The scholar stood forward. He wore the permanently pained expression of all the male members of his family under his curling hair, as though he was about to meet his maker and regretted all the sins he'd committed in his young life. And now, he was.

'Pensioner,' Norgate said, shifting the parchment in front of him. 'Scholar of the King's School, Canterbury. Recipient of the Matthew Parker scholarship ...'

'Jobs for the boys,' Harvey almost spat. He had come up the hard way, with no scholarship to pave his way, no silver christening spoon clamped between his teeth. He despised the gilded youths standing before him and didn't care who knew it.

Norgate was nodding his old, grey head. 'Your grandfather,' he told the boy, 'once sat where I am today before God and Her Majesty called him to higher office. What would he have said of his grandson's profligacy?'

Parker cleared his throat. 'He would have been appalled, sir,' he said. Matt Parker remembered his grandfather well. He was a sweet old boy who gave him toys and smelt of incense and old leather. He was too nice to be an Archbishop and certainly too nice to be Master of Corpus Christi. Parker remembered the old man's funeral when he'd stood in that huge cold vault of the cathedral and saw the tears on everyone's cheeks. He'd let the old boy down, that much was certain.

'And yet,' the Master sighed, 'Professor Johns and Dr Lyler tell me that your Dialectics are to die for.'

Harvey snorted. Parker was average at best; how could his colleagues be so easily taken in?

'What a waste.' Norgate stood up. 'Gentlemen.' The guilty three stood to attention once more, gazing steadfastly into the middle distance. 'You were found climbing over The Court wall at two of the clock this morning, worse for drink. Proctor Lomas reports that you, Bromerick, struck him on the head with your fist.'

'Flat of the hand, sir,' Bromerick blurted out, instantly regretting it. 'Flat of the ...' and he stopped short, tucking the offending appendage into the front of his gown, as though to hide the evidence. Shut up, Henry, he heard the little voice inside his head saying. They cut off people's hands in this great country of ours.

'You are all good scholars,' Norgate went on, 'and today you were to have been invested by our college with the degree of Bachelor of Arts.'

Gabriel Harvey smiled. He had not missed Norgate's use of the past tense and fully approved of it. There was, as he'd known all along, a God.

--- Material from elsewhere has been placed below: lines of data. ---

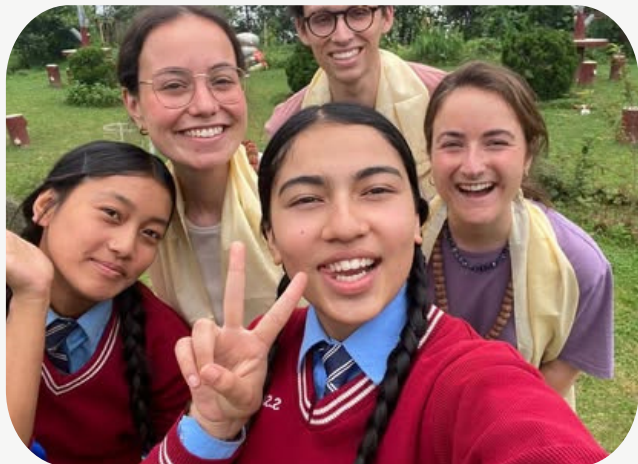
Students with the facilitators after the dental health camp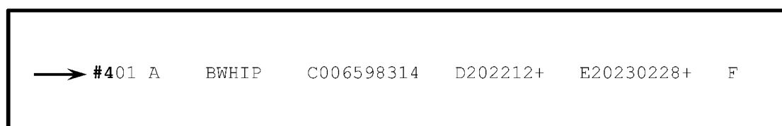
Figure 3.12.16-4 ISRP Error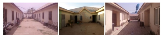
Figure 2. Houses were built within fence walls and around the courtyard allowing windows to be opened.

To determine the susceptibility of the houses to ill-health based on their indoor CO 2 and PM 10 /PM 2.5 , the overall mean concentration of CO 2 obtained was 584 ppm. This was less than 600 ppm, which indicates on the range (for acceptable value) that the ventilation was adequate. Although some of the houses exhibited adequate ventilation, the reason for this could be a result of multiple interacting factors such as the way the occupants operated their buildings, many houses were built within fence walls and around a courtyard (Figure 2), hence, households were able to leave their windows opened for long hours both night and day.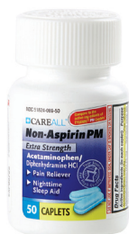
Acetaminophen PM Extra Strength Caplets, 500 mg., 25 mg. Count: 50 ct.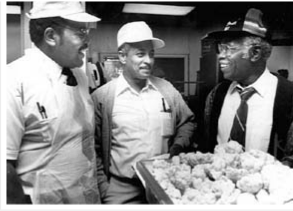
November 1989 photo

'You know that I could withhold your degrees?' the Master said.

There were assorted mutterings of assent from the three. They were all students of the Dialectic, well versed in the Discourses; the Master's use of the conditional gave them hope. Harvey's lopsided grin was already appearing. Perhaps he'd missed the nuance.

'I shall consider,' Norgate said and the grin vanished. There was a dull metallic clanking from across the quadrangle, from the tower of St Bene't's. 'There's the Chapel bell. Get along with you, now. You will have my decision by twelve of the clock.'

'Sir,' the scholars chorused and made for the door, doffing their caps as they went. Parker stopped at the studded woodwork. 'Sir,' he said, 'I hope it goes without saying that we're very ...'

'Get out!' Harvey roared. And, with a hop and skip to catch up with the others, he did.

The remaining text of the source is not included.